In warehouses and other storage facilities, large stores, and factories, there are often specified areas for filling boxes, carts, containers, palettes, or other totes for carrying various goods. One example is a “picking area,” in which goods received by the facility are sorted into or onto totes for delivery to another area. These totes are conveyed to a second area, often by an automated system of conveyors, and at the second area unloaded so that the goods may be further processed. For instance, the second area may be a consolidation area, where goods are removed from the tote and consolidated with goods of the same type for storage, use, or display. In such systems, the empty totes are stacked and then manually carried or driven by forklift back to their point of origin. If there are multiple picking areas, one picking area may experience a shortage of empty totes, and workers in that area may request that excess totes be manually gathered from a different picking area. There are no known systems in place for automatically distributing empty totes to one or more filling or picking areas on an as-needed basis so that a baseline number of empty totes is maintained.
U.S. Pat. No. 5,715,660 describes a station with two adjacent vertical conveyors, one for supplying empty containers to the station, and one for removing and unloading filled containers. The device may include sensing circuitry to determine when a container located at the station is full, but the system simply removes full containers and replaces them with empty containers without determining whether to direct empty containers to a different destination when the station is occupied. U.S. Patent Application 2015/0125249 describes a vertical stacking device for stacking empty containers from a plurality of empty container stations, but the disclosed system only sends empty containers to a single destination to be stacked and then removed as a stack. There remains a need for an automated system to efficiently manage and distribute empty totes as needed at one or more points within the system.
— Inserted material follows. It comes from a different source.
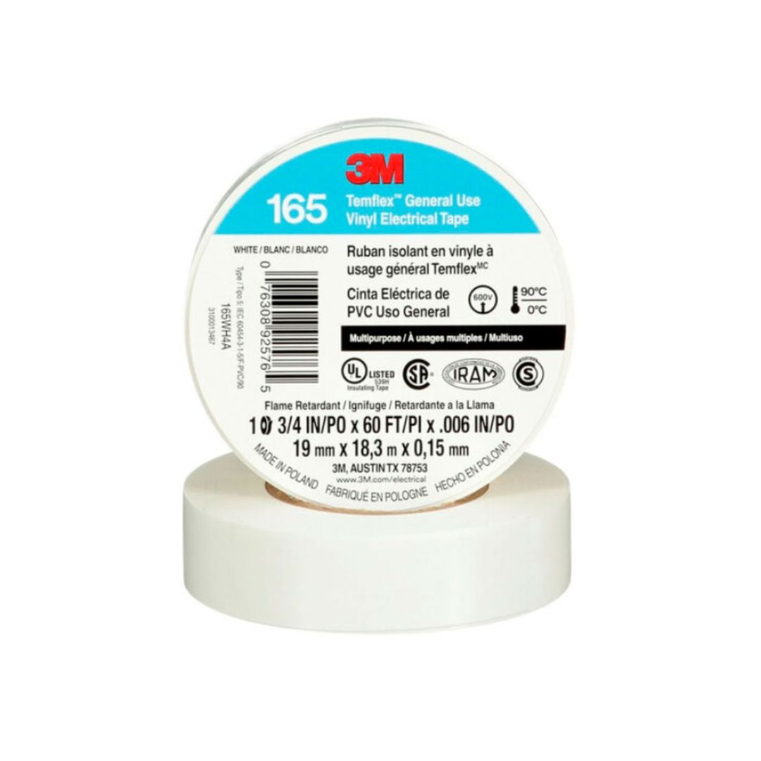 La Cinta AISLADORA TEMFLEX BLANCA Eléctrica de PVC 3M™ Temflex™ 165 es una cinta aislante de vinilo multiuso de buena calidad. Tiene gran resistencia a la humedad y a las condiciones climáticas variables. Es una cinta de cloruro de polivinilo (PVC) ignífuga y adaptable. La cinta 3M Temflex 165 proporciona una gran protección mecánica con un volumen mínimo. Es una cinta aislante certificada por CSA y listada por UL. No se utilizan solventes en el proceso de fabricación.

Elements in the figures are illustrated for simplicity and clarity and have not necessarily been drawn to scale. For example, the dimensions and/or relative positioning of some of the elements in the figures may be exaggerated relative to other elements to help to improve understanding of various embodiments of the present invention. Also, common but well-understood elements that are useful or necessary in a commercially feasible embodiment are often not depicted in order to facilitate a less obstructed view of these various embodiments of the present invention. Certain actions and/or steps may be described or depicted in a particular order of occurrence while those skilled in the art will understand that such specificity with respect to sequence is not actually required. The terms and expressions used herein have the ordinary technical meaning as is accorded to such terms and expressions by persons skilled in the technical field as set forth above except where different specific meanings have otherwise been set forth herein.